Collection entries:
#####
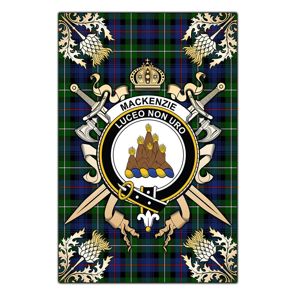 MacKenzie Modern Tartan Crest Black Garden Flag - Gold Thistle Style
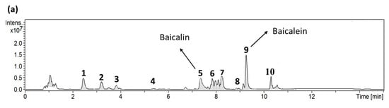 - Zhao, T.; Tang, H.; Xie, L.; Zheng, Y.; Ma, Z.; Sun, Q.; Li, X. Scutellaria baicalensis Georgi. (Lamiaceae): A review of its traditional uses, botany, phytochemistry, pharmacology and toxicology. J. Pharm. Pharmacol. 2019, 71, 1353–1369. [Google Scholar] [CrossRef]
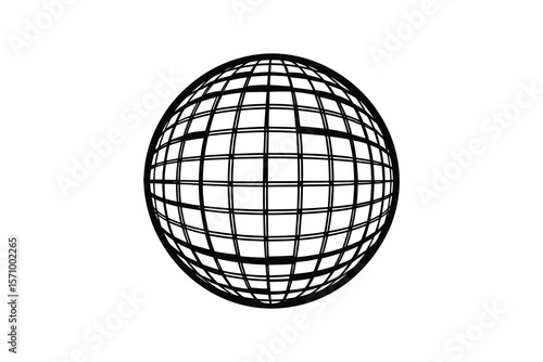Black and White Globe Grid Design on a White Background
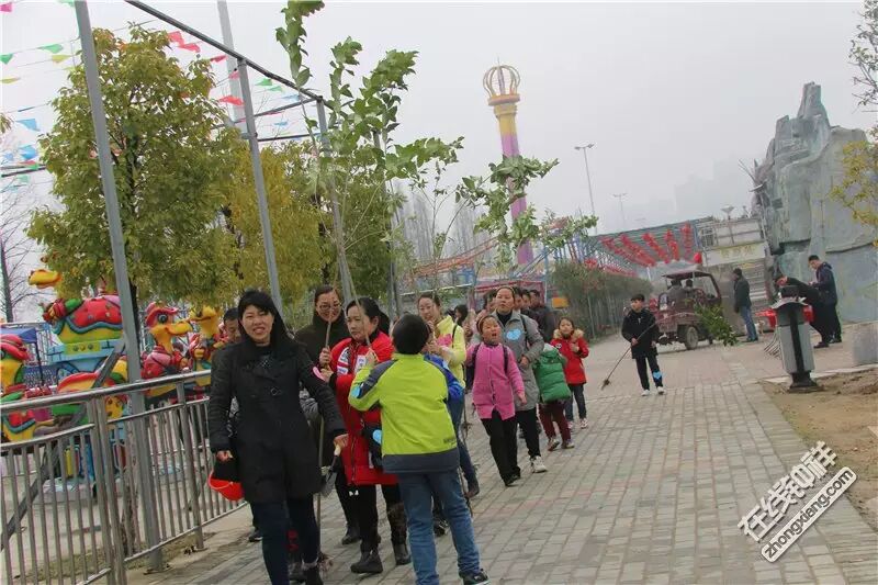 种完树的小朋友们随着家长的脚步来到了莫愁湖游乐场的
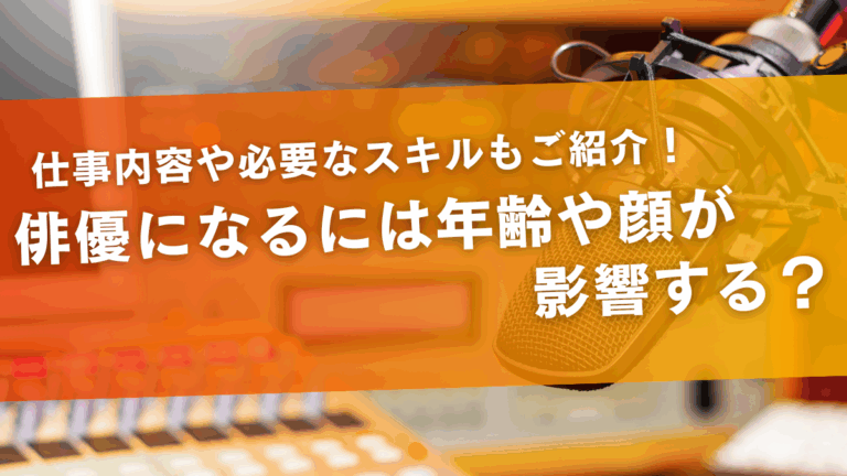 これから俳優を目指す方の中には、「どんなスキルが必要なの?」「年齢や見た目は影響する?」と疑問を抱く人も多いでしょう。
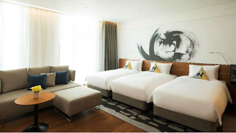 Die Zimmer im Novotel Ambassador Seoul Dongdaemun sind modern und umfassend ausgestattet. Sie verfügen über einen Schreibtisch, einen Flachbild-TV, ein eigenes Bad sowie einen Wasserkocher. In ausgewählten Zimmern steht zusätzlich eine Küche mit einer Mikrowelle zur Verfügung. Jedes Zimmer hat einen Kleiderschrank und bietet einen Blick auf die Stadt. Der Klimaanlage ist individuell regelbar und die Zimmer enthalten zudem einen Safe, ein Bügeleisen, einen Kühlschrank, die Nutzung von WLAN ist gegen Gebühr möglich.
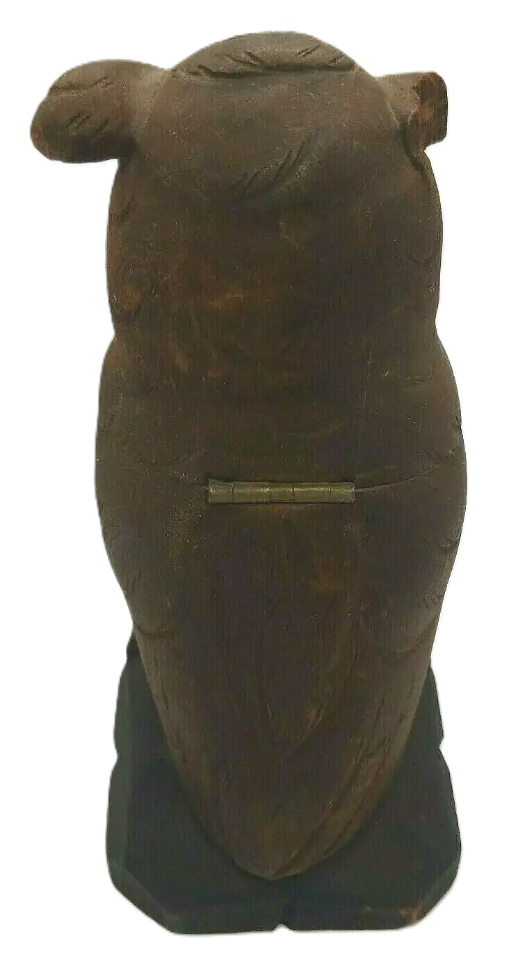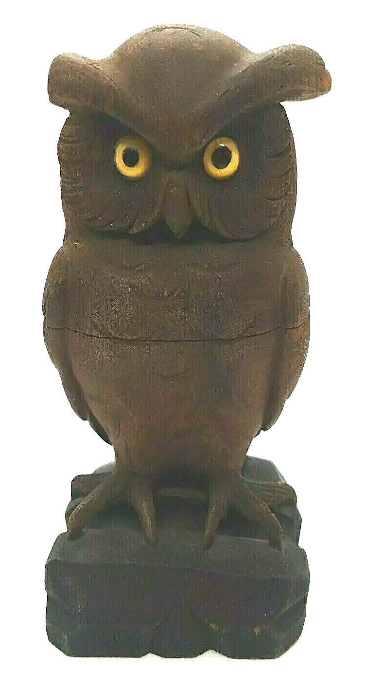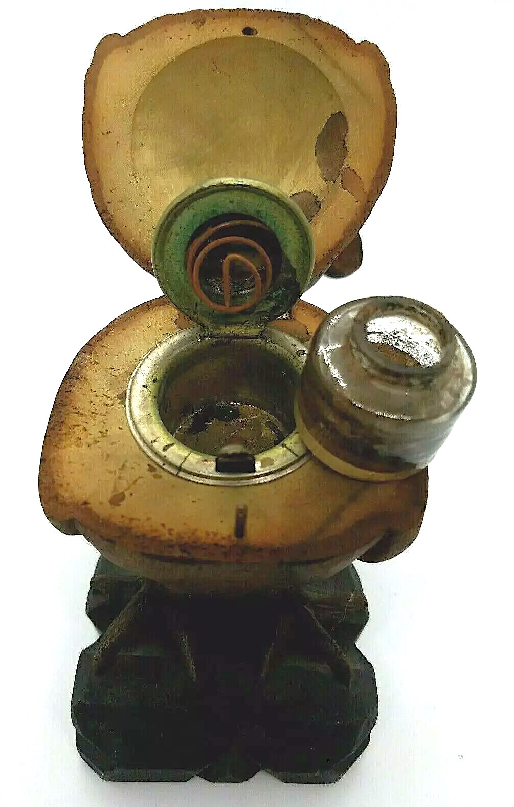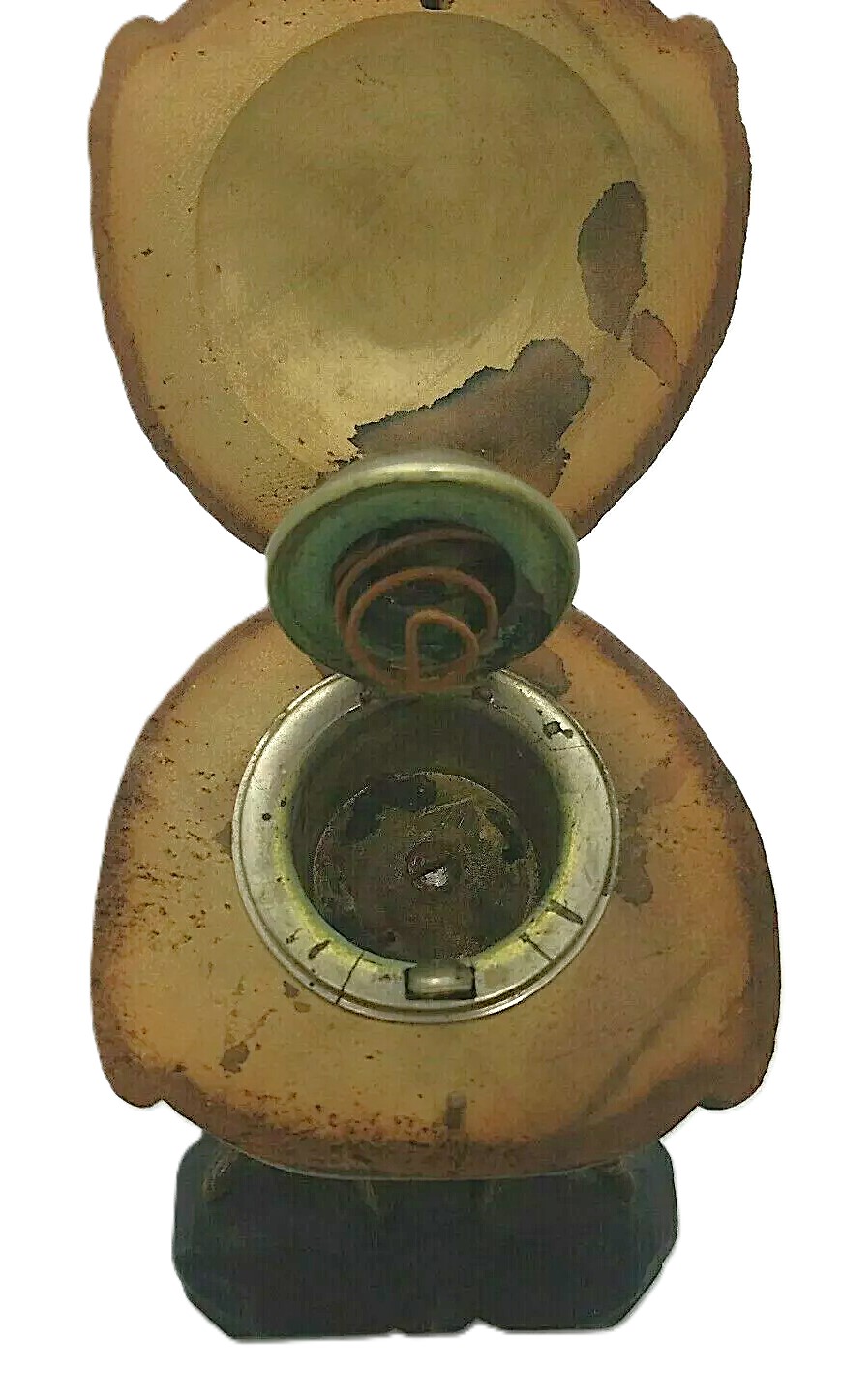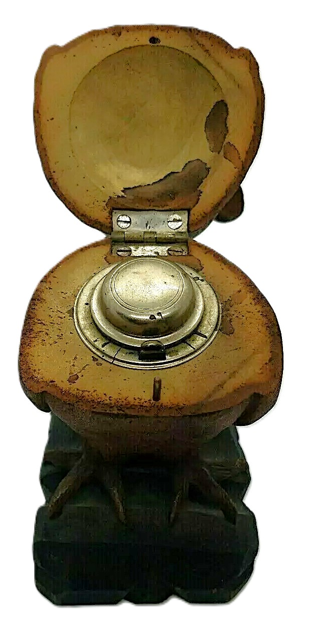 The owl’s head is hinged, allowing it to open and reveal a hidden compartment inside. This compartment houses a glass inkwell, which is covered by a spring-loaded lid to keep the ink secure and prevent it from drying out.
#####
| Task directions |
No picture belongs in the answer, but every word of the records above does, exactly as given.

| Your response |
 MacKenzie Modern Tartan Crest Black Garden Flag - Gold Thistle Style
 - Zhao, T.; Tang, H.; Xie, L.; Zheng, Y.; Ma, Z.; Sun, Q.; Li, X. Scutellaria baicalensis Georgi. (Lamiaceae): A review of its traditional uses, botany, phytochemistry, pharmacology and toxicology. J. Pharm. Pharmacol. 2019, 71, 1353–1369. [Google Scholar] [CrossRef]
Black and White Globe Grid Design on a White Background
 种完树的小朋友们随着家长的脚步来到了莫愁湖游乐场的
 これから俳優を目指す方の中には、「どんなスキルが必要なの?」「年齢や見た目は影響する?」と疑問を抱く人も多いでしょう。
 Die Zimmer im Novotel Ambassador Seoul Dongdaemun sind modern und umfassend ausgestattet. Sie verfügen über einen Schreibtisch, einen Flachbild-TV, ein eigenes Bad sowie einen Wasserkocher. In ausgewählten Zimmern steht zusätzlich eine Küche mit einer Mikrowelle zur Verfügung. Jedes Zimmer hat einen Kleiderschrank und bietet einen Blick auf die Stadt. Der Klimaanlage ist individuell regelbar und die Zimmer enthalten zudem einen Safe, ein Bügeleisen, einen Kühlschrank, die Nutzung von WLAN ist gegen Gebühr möglich.
 The owl’s head is hinged, allowing it to open and reveal a hidden compartment inside. This compartment houses a glass inkwell, which is covered by a spring-loaded lid to keep the ink secure and prevent it from drying out.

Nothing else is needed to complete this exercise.